_Provided data_:
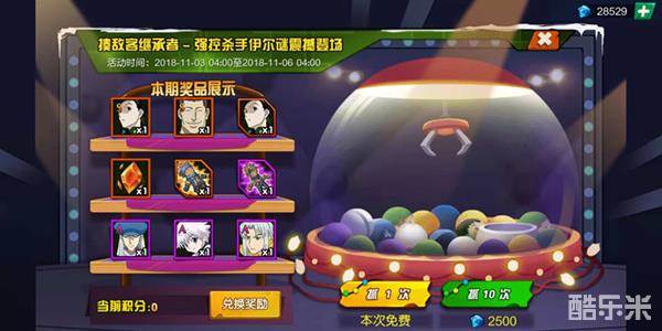 4.积攒钻石主攻娃娃机,抽强力伙伴。娃娃机目前共有5期,活动每期上线3天,间隔1天,循环上线。娃娃机中的主打猎人分别是西索、王、伊尔迷、尼特罗、帕里斯通。优先抽取顺序为:伊尔迷>西索>帕里斯通>王>尼特罗。
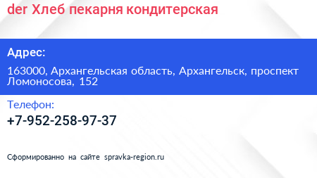 der Хлеб, пекарня-кондитерская по адресу 163000, Архангельская область, Архангельск, проспект Ломоносова, 152 в дальнейшем Организация, размещена в следующих категориях:
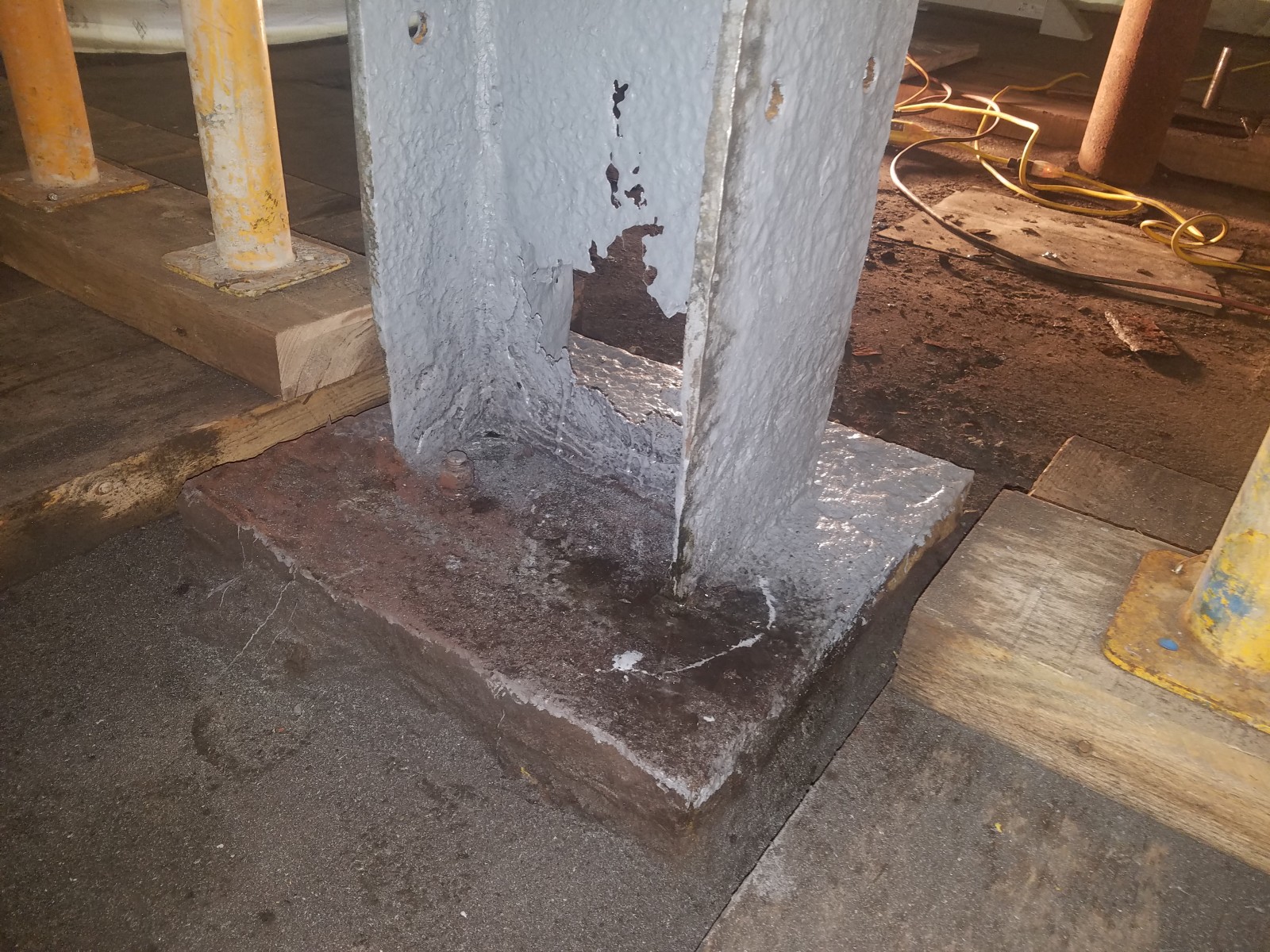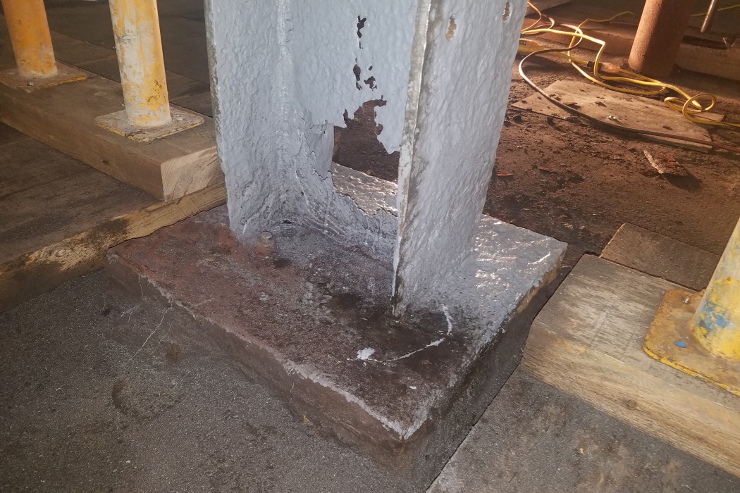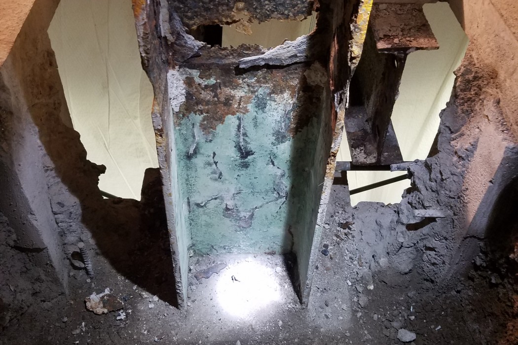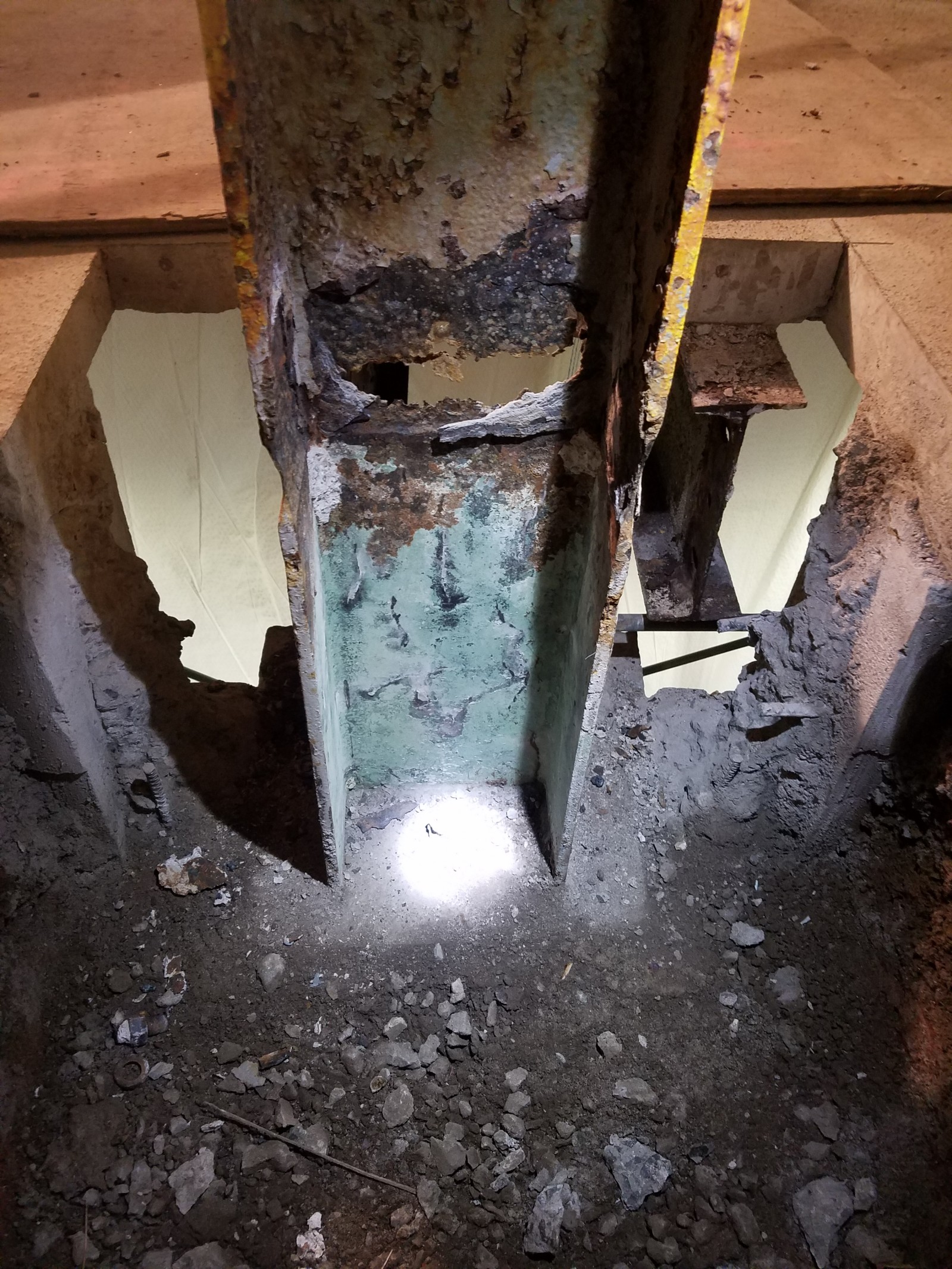 WJE began with a comprehensive assessment of the garage, including section loss measurements and a multiyear plumbness survey. During probing, we discovered steel columns with nearly 100 percent section loss.
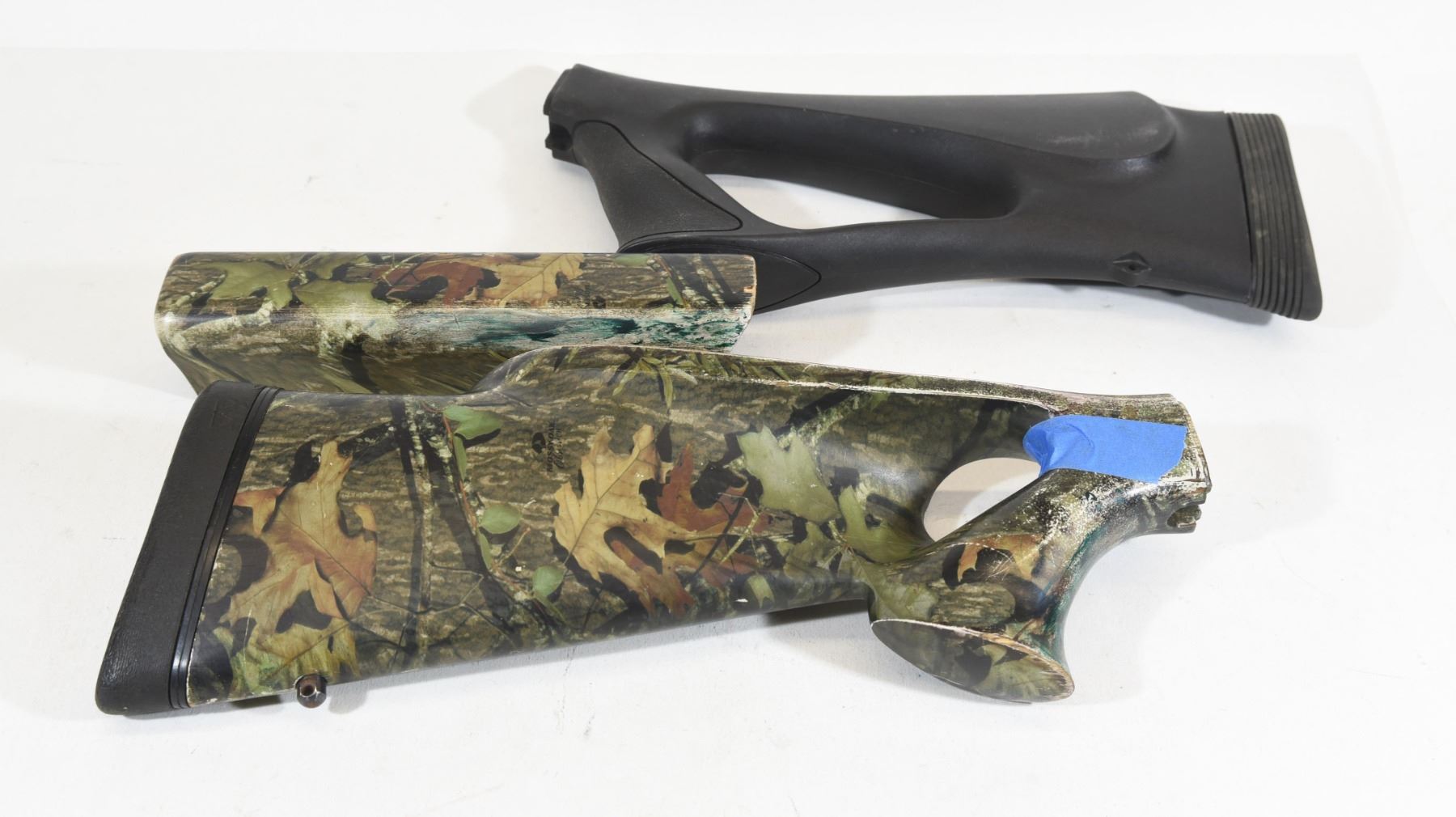 1) Remington 870 thumbhole stock and fore-end, camo and in fair condition with some wear 2) Remington 870 sureshot rear stock only, black synthetic in good condition

_Exercise requirements_:
What you write must match, line for line, the lines from the one with "WJE began with" through the last line of the data above, minus the pictures.

_Result_:
 WJE began with a comprehensive assessment of the garage, including section loss measurements and a multiyear plumbness survey. During probing, we discovered steel columns with nearly 100 percent section loss.
 1) Remington 870 thumbhole stock and fore-end, camo and in fair condition with some wear 2) Remington 870 sureshot rear stock only, black synthetic in good condition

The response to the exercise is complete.